There is some amount of controversy in what I am about to say using Yoram Bressler’s slides (http://www.eecs.umich.edu/ssp2012/bresler.pdf)

Compressive Sensing:

Inventor: Prony (1795)

Theoretical Justification: Donoho, Tao, Candes, Romberg (2004)

I did not know about Prony

That may win the biggest gap award

FYI

http://nuit-blanche.blogspot.com/2013/05/sunday-morning-insight-200-year-gap.html

One might argue that the counter-factual approach to causal inference was first due to Neymann (1923), which increases the gap quite a bit!

Ref:

Neymann, J. Sur les applications de la théorie des probabilités aux experiences agricoles: Essai des principes. Roczniki Nauk Rolniczki 10, 1–51, 1923.

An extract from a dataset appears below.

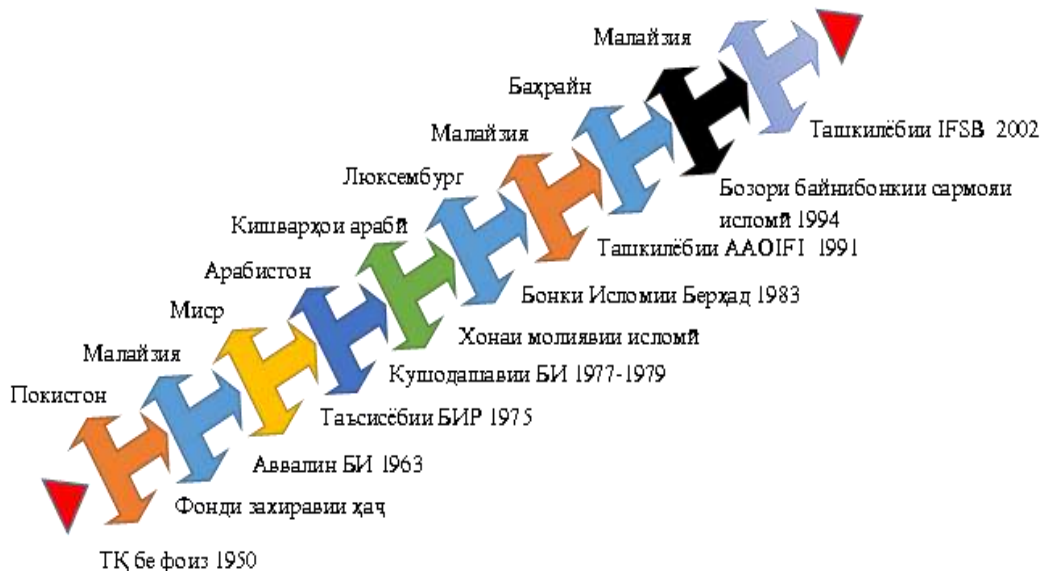
Расми 1. – Ташаккул ва рушди низоми бонкдории исломӣ: таҳлили хронологии марҳилаҳо

Аз мадракҳо бармеояд, ки солҳои 1960-ум Фонди захиравии ҳаҷ дар Малайзия таъсис ёфта аст, ки он намунаи аввалин барои ҷобачогузории молиявӣ бо риояи талаботи шариат ба ҳисоб меравад. Аввалин бонки исломӣ дар Миср соли 1963 таъсис ёфт буд, ки ташаккули заминаи институтсионалии низоми молиявии исломиро инъикос менамояд.

In fact Rubin always credits Neyman, so I guess you are right.

Didn’t Hansen both propose and give theoretical justification for using GMM in his famous 1982 paper?

How about the likelihood principle?

From: Normal Deviate <comment-reply@wordpress.com> Reply-To: Normal Deviate <comment+pg1hu6kx-mokn-_oq24fo6@comment.wordpress.com>

In this case there’s an eternal gap!

I don’t think this is really a “method”

What is the difference between the counterfactual version and the graphical version of Causal Inference? I did not know that there are multiple types of Causal Inference. I have done a little bit of research in Causal Inference, which almost always employs the graphical version, at least in the statistics literature I have read. Also, how do you define the invention (or discovery) of a method? There has been (and continues to be) a lot of debate on the existence of a logic of discovery.

The counterfactual approach is described here

http://en.wikipedia.org/wiki/Rubin_causal_model

I don’t have a definition of “inventing a method.”

I had hoped I had made that clear in the post.

Hi, Larry!

Cool post. I’d suggest you to add the gap between Rosenblatt’s introduction of the Perceptron

Rosenblatt, Frank (1958), The Perceptron: A Probabilistic Model for Information Storage and Organization in the Brain,

Cornell Aeronautical Laboratory, Psychological Review, v65, No. 6, pp. 386, 408. doi:10.1037/h0042519

and Novikoff’s proof that the Perceptron algorithm converges after a finite number of iterations if the data

set is linearly separable.

Novikoff, A. B. (1962). On convergence proofs on perceptrons. Symposium on the Mathematical Theory of Automata, 12, 615-622. Polytechnic Institute of Brooklyn.

All my best,

Zen.

Some quantum-mechanical Feynman-type invariants involving integration over a path space. Invented by physicists in the 50s / 60s, super useful but still theoretically unproven despite substantial effort.

Such things have been going on for a very long time in the history of science: after Leibniz and Newton invented calculus it took over a century before folks like Cauchy, Weierstrass, and Riemann finally developed a solid theoretical foundation in terms of limits, epsilon, etc.

Later, the “operational calculus” was used by engineers to solve problems in cable theory even though mathematicians kvetched about Heaviside’s lack of rigor when he invented it (eventually, of course, rigorous foundations based mostly on Taylor series expansions and Euler’s theorem were developed).